Friday, January 12, 2007

Monkey in the sea...

...cat on the bag, dog in the boot.

Yesterday I was oop North...in the Newcastle area. Every time anyone says anything to me in a thick Geordie accent (I don't know why they're called Geordies) I either have to say "Pardon" or I just nod and smile and hope the meaning of their strangely inflected words will sink in before I have to make a cogent reply. I once nodded and smiled when a Geordie fishmonger suggested a most intimate encounter - for all I knew he'd been merely asking for directions. When I finally figured out that he wished me to use an approach more suited to a Washington intern, all I could do was flutter a polite "no thanks."

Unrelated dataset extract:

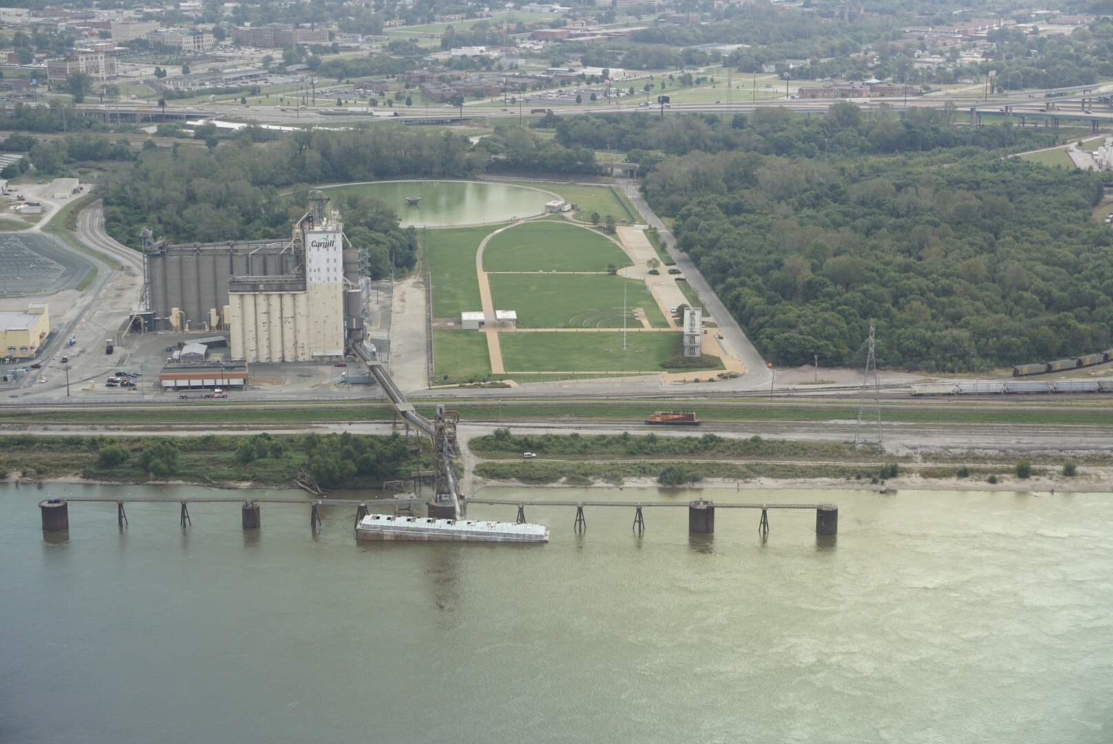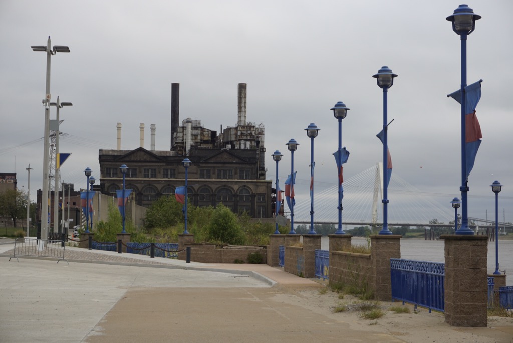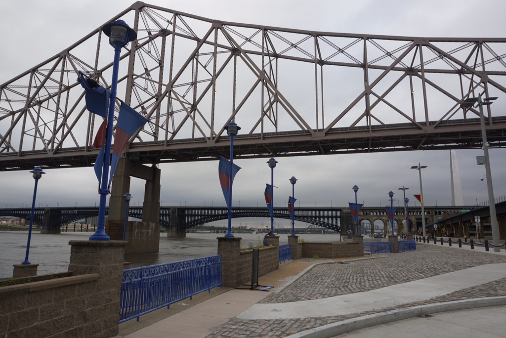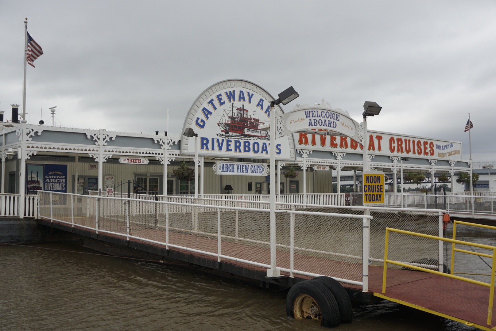 Nun denn, laufe ich eben an dem fetten Mississippi entlang. Ein kurzer Abstecher zur alten Hafenanlage, dem Laclede’s Landing …
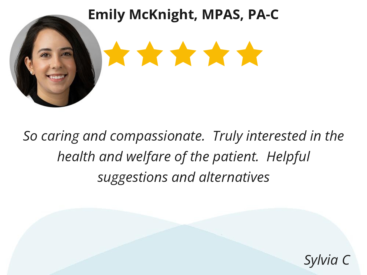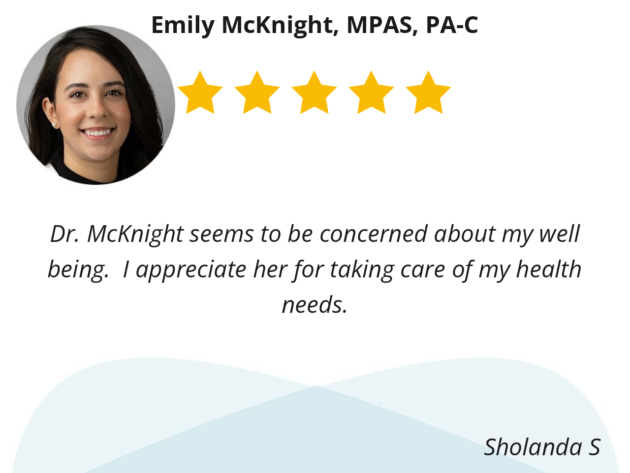 Dr. McKnight seems to be concerned about my well being. I appreciate her for taking care of my health needs.

I call this impenetrable version of the accent "Monkey in the Sea". As in "He was all monkey-in-the-sea." This is based on a sketch from a show called I'm Alan Partridge. In the sketch the Southern English guy (Alan) has a dawning horror as he realises that the Geordie character threw his pet monkey in the sea because it ate 200 of his duty free cigarettes. And the folks of this area have form when it comes to monkeys. According to legend - the citizens of a nearish town hanged a shipwrecked monkey beached on their shores on the charge of being an invading Frenchman.

Among the wreckage [of a Napoleonic French vessle] lay one wet and sorrowful looking survivor, the ship's pet monkey dressed to amuse in a military style uniform. The fishermen apparently questioned the monkey and held a beach-based trial. Unfamiliar with what a Frenchman looked like they came to the conclusion that this monkey was a French spy and should be sentenced to death. The unfortunate creature was to die by hanging, with the mast of a fishing boat (a coble) providing a convenient gallows.

Anyway, so I'm in a taxi yesterday from my hotel to my work gig and my cabbie was all monkey-in-the-sea. I'm all "what..." until finally I figure out he's talking about a tool for a timing belt. But the folks up there are really nice, so I engage in the whole timing belt discussion. I pay him and then he gets my bag out of the trunk. But he's taking a long time and I hear a strange brushing commotion coming from that area.

A little background...when I go away I always take my black roller-bag - the one with the orange Power T on it and when I come back Other Cat - the white cat - always lies down on it, shedding copiously. I prefer to believe it's because she missed me. Her fur is particularly difficult to get off - vacuuming won't do it - and I'm lazy and slovenly, so I drag the bag around with enough cat hair on it to make a whole 'nother cat. Seriously, it looks like some kind of weird angora roller bag.

I go round the back and the cabbie is vigorously sweeping the bag with his hand and he's all monkey-in-the-sea about a dog-in-the-boot and I can't figure out what the heck he's saying. But finally, finally I realise that he'd been transporting his dog in the boot - and though he'd put a blanket down he thought his dog hair had gotten all over my bag. He was MOR-T-FIED and mumbling apologies and, bless him, he'd actually managed to get all the cat hair off with his hand, before I just burst out laughing.

"Aww Sugar," I said "That's my cat's hair." And I tipped extra.